What Are You Trying to Figure Out?

You aren’t trying to see what other “traders” or “gurus” think. You are looking for the underlying theme that is driving market behavior or what the market finds important.

This is where I have to give some credit to the financial media. They are profit and click/viewer driven so they are not going to stray to far from what they think or believe their audience will resonate with. While this is a nuanced point I do find it worth mentioning when you analyze the financial media.

The bottom line is you aren’t reading any of these stories (unless you are interested and can ensure it won’t affect your trading in a negative way).

What I find works best is glancing at the headlines and the lead of the story (first paragraph or snippet summary). This will provide you with the general news, events, and themes that are currently driving the front-page narrative.

Technical Analysis

I won’t go into too much detail because the type of TA you are going to do is dependent on your own personal trade system but I will provide some general guidance.

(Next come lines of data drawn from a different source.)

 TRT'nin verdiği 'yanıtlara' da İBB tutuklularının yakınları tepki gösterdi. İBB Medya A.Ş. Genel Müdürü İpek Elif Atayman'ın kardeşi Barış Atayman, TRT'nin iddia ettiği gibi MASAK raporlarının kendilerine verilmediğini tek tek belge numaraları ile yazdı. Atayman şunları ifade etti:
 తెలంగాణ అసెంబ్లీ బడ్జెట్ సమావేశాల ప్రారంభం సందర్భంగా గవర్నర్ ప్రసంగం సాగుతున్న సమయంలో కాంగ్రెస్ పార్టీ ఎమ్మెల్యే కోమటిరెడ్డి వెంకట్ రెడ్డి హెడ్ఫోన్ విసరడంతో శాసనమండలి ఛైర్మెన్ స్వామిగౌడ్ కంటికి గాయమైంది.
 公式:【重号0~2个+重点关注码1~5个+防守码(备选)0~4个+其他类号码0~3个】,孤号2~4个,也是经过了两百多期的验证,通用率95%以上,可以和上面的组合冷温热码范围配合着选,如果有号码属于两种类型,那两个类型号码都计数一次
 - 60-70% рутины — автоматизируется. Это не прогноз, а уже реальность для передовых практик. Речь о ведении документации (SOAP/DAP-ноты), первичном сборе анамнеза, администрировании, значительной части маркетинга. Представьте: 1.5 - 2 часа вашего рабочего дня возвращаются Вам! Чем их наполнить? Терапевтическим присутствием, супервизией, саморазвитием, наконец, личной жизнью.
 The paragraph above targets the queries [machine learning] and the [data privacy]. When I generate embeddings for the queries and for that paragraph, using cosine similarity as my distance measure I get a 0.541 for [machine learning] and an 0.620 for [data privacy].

First, see if you can find clues that the market is reacting to the sentiment or narratives you’ve picked up in your news analysis.

If you’ve adopted the RexDog Trading System then your bias indicator is the RDA (Rex Dog Average). Generally above the RDA you are bias long and below you are bias short. For detailed overview visit this section of the training.

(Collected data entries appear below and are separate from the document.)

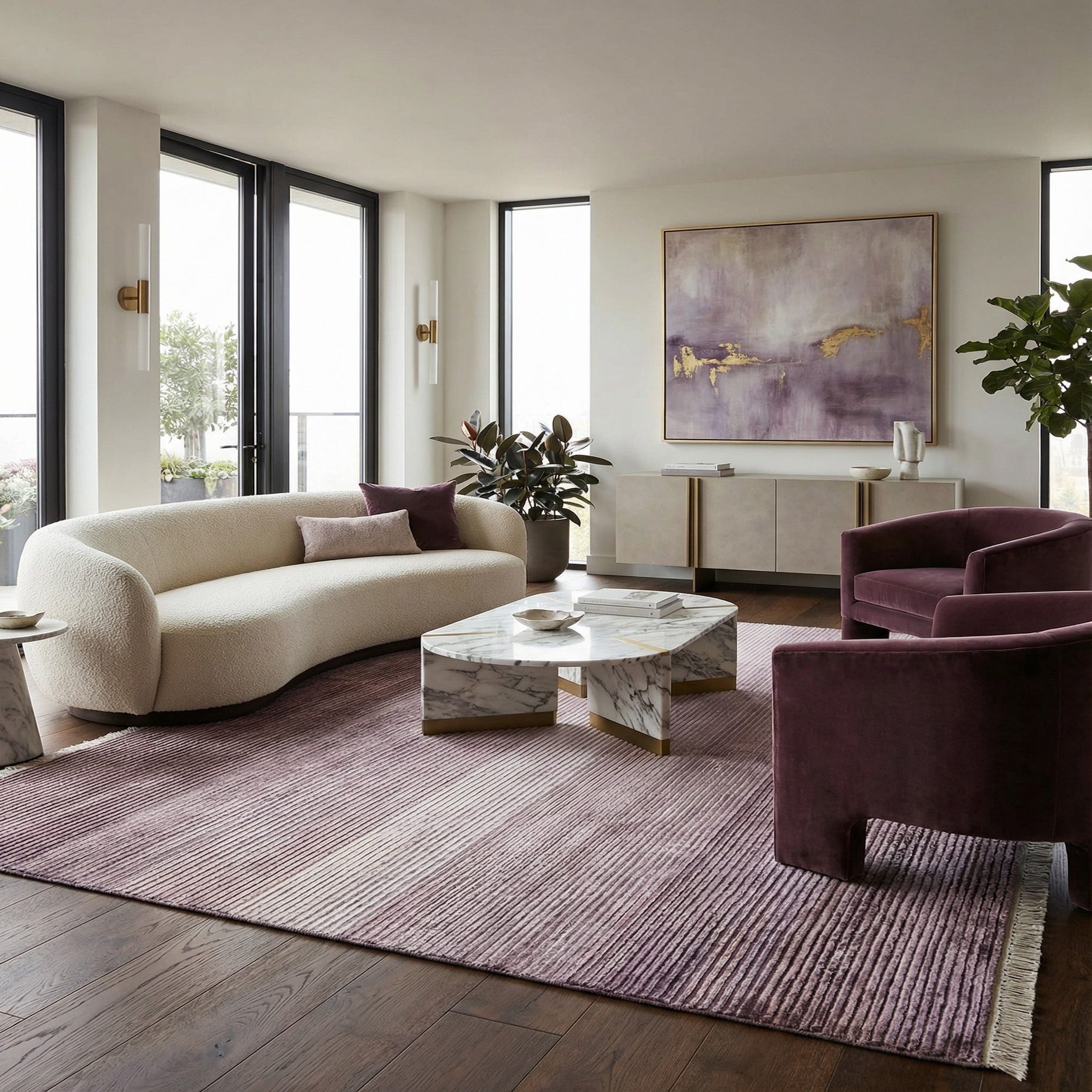 Primary color is Red. Colors in this rug include: Red, Peach, Puce, Purple.
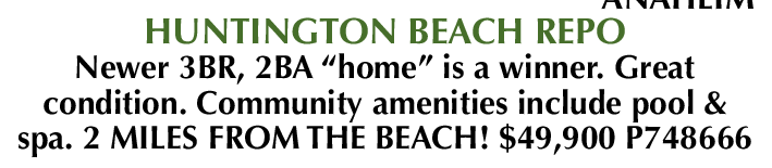 ANAHEIM HUNTINGTON BEACH REPO Newer 3BR, 2BA “home” is a winner. Great condition. Community amenities include pool & spa. 2 MILES FROM THE BEACH! $49,900 P748666
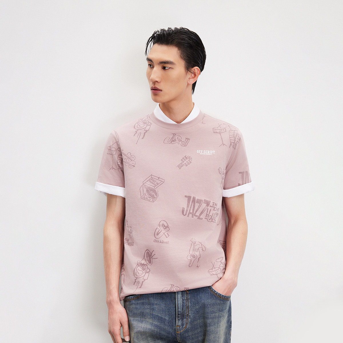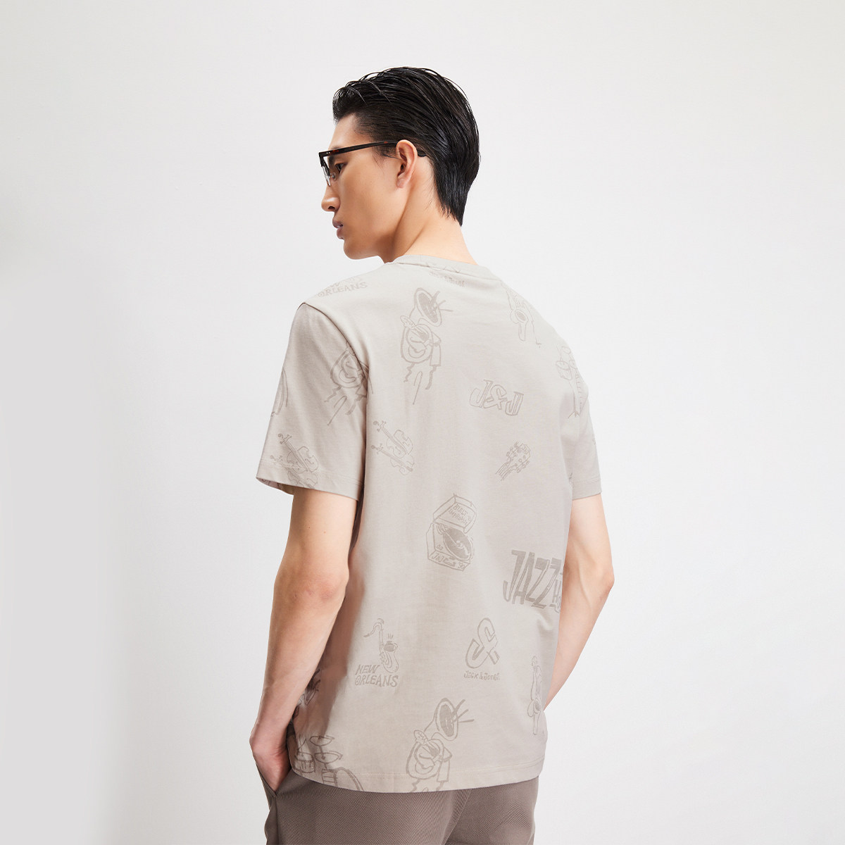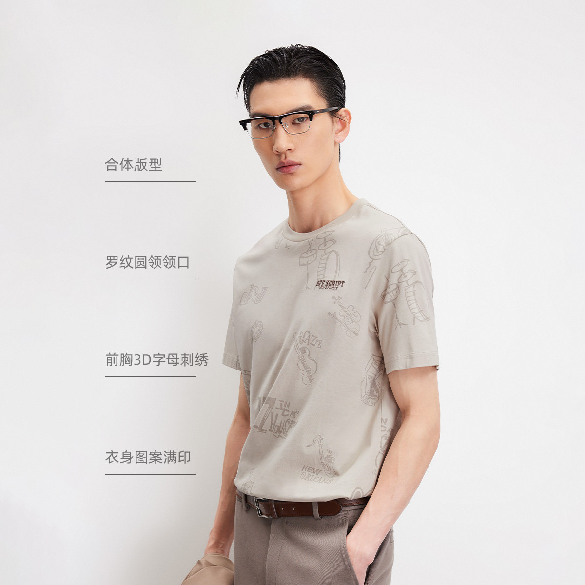 【满印】杰克琼斯男装夏新款立体刺绣短袖T恤合体纯棉情侣打底衫

You also want to see if there are any clues that the market is stalling or waiting for the known events on the calendar.

This is where I believe the sentiment analysis can only take you so far. You don’t really know what is driving the decisions of any level of any market participant. But you want to see if there is some belief in the market that can be gleaned through charts and your trade system.

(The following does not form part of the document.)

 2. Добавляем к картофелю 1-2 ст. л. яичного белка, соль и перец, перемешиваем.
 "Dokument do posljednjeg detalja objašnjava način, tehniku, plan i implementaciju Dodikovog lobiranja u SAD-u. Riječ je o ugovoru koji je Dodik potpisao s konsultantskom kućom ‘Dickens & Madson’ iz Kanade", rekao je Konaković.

What’s Most Important for TA and Pre-Session

The best advice I can give here with your TA is– you should have a step-by-step process.

In your trade journal you should track how well your pre-session routine is accurate. If your pre-session routine is wrong or misguided this can be the catalyst for all of your trading to be off. That’s why having a process you have defined and written down allows you to figure out where you have mistakes or challenges.

It’s a given that you should be tracking weekly opens, closes, daily levels, etc. but beyond that, if you’re an intraday trader your system should be reactive to what happens as the day unfolds.

If you’re swing trading then outlining key areas of position entries are key. A swing trader must have a pre-session routine that provides an edge… more on this in another post.

Example from My Own Trading

For instance, in March 2020 the sentiment was the world was headed for another great depression. But most pro traders were looking for clues of some type of bottom (even if it was short-lived). I’m not sure anybody could have predicted the V-shaped recovery that hit but I remember specifically reading the news and watching Bloomberg– everything was doom and gloom.

This is one of my most recent “I’m a pro-trader” moments. The RexDog Trading System was screaming (especially on lower timeframes) there is a possible bottom and go long. Two days in a row fading the highs were short-lived trades. This is a prime example of something I say often… “don’t argue with the chart”.

NQ March 2020 Long Algo Switch

The sentiment was doom and gloom but the charts and the RDTS was signaling the opposite. The NQ above and the RUT below both have clear RDTS structure, patterns, and momentum shifts.

Russell 2000 March 2020 Long Algo Switch

The Big Takeaway

Your pre-trading session routine sets the tone and foundation for your trading. It’s a critical component of any successful trading system and is something you really should never trade without.

It should be a process that you have written down. It should also be something you evaluate often to ensure it’s properly setting you up to have a successful trading session.

This is one thing in your trading you should not ignore.